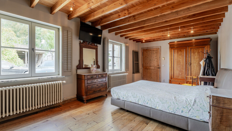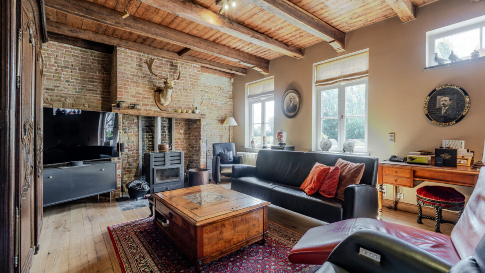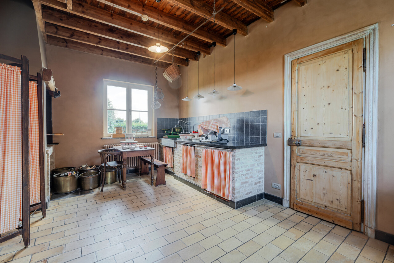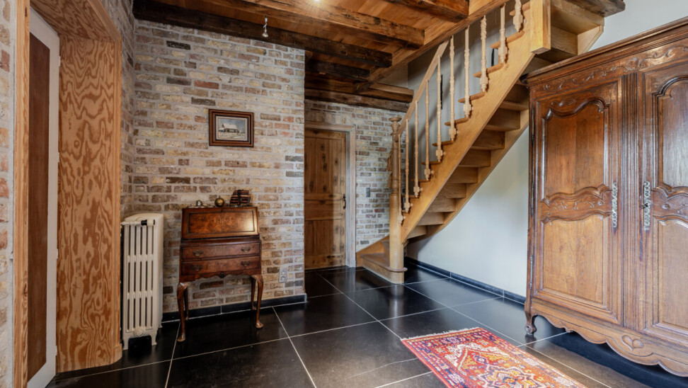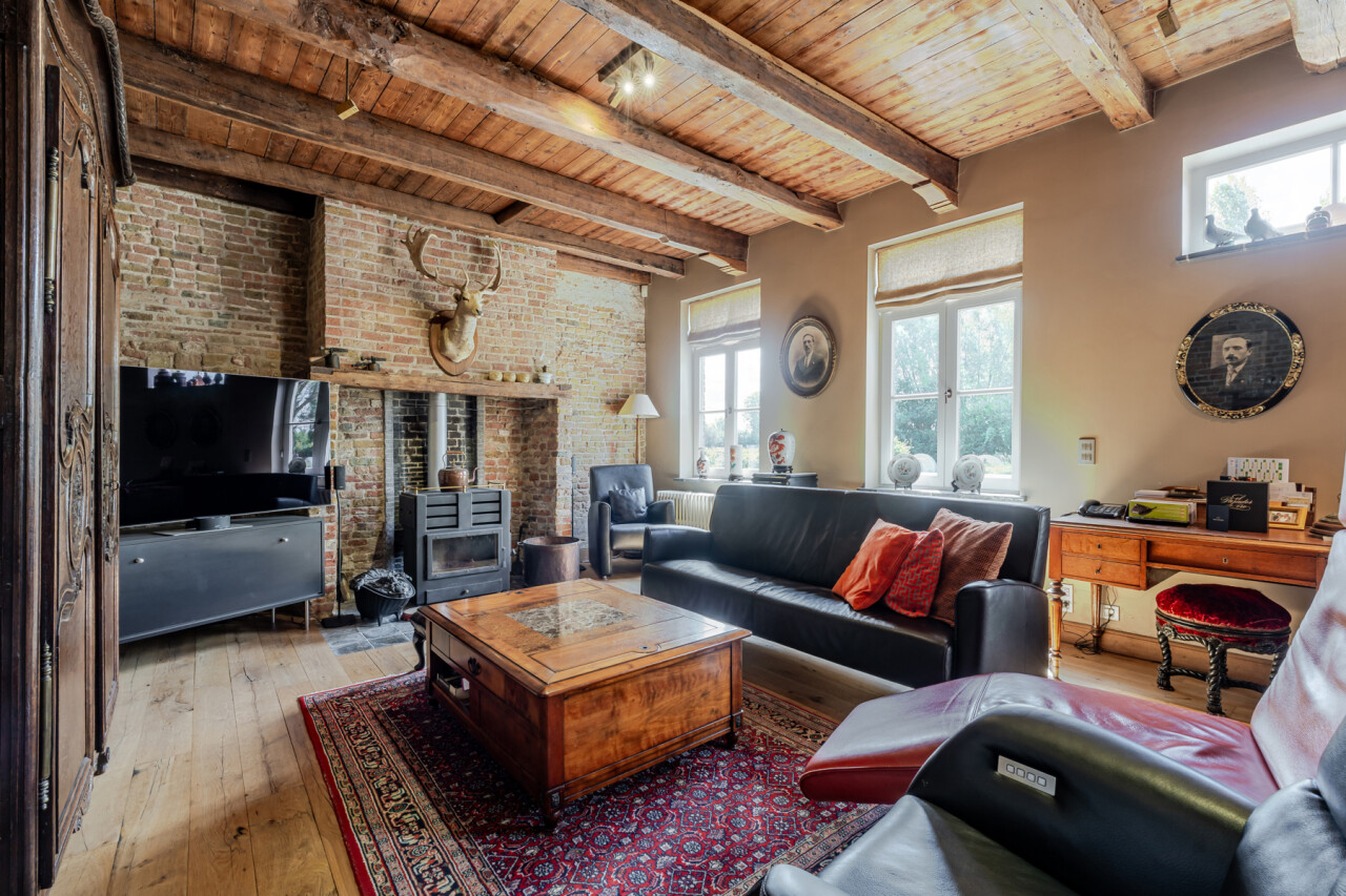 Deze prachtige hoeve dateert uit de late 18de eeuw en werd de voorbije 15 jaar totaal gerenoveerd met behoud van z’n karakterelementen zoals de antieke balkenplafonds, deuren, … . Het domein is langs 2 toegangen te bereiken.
·····
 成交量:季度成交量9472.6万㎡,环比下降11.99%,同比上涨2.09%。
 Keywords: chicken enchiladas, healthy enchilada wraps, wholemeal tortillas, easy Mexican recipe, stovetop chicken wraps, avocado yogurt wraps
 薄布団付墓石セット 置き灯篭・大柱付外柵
·····
Task item →
Retype the records above, but only those lines that fall between the line containing "Keywords: chicken enchiladas, healthy" and the line containing "薄布団付墓石セット 置き灯篭・大柱付外柵", with both of those lines included, exactly as written.

Problem solution →
 Keywords: chicken enchiladas, healthy enchilada wraps, wholemeal tortillas, easy Mexican recipe, stovetop chicken wraps, avocado yogurt wraps
 薄布団付墓石セット 置き灯篭・大柱付外柵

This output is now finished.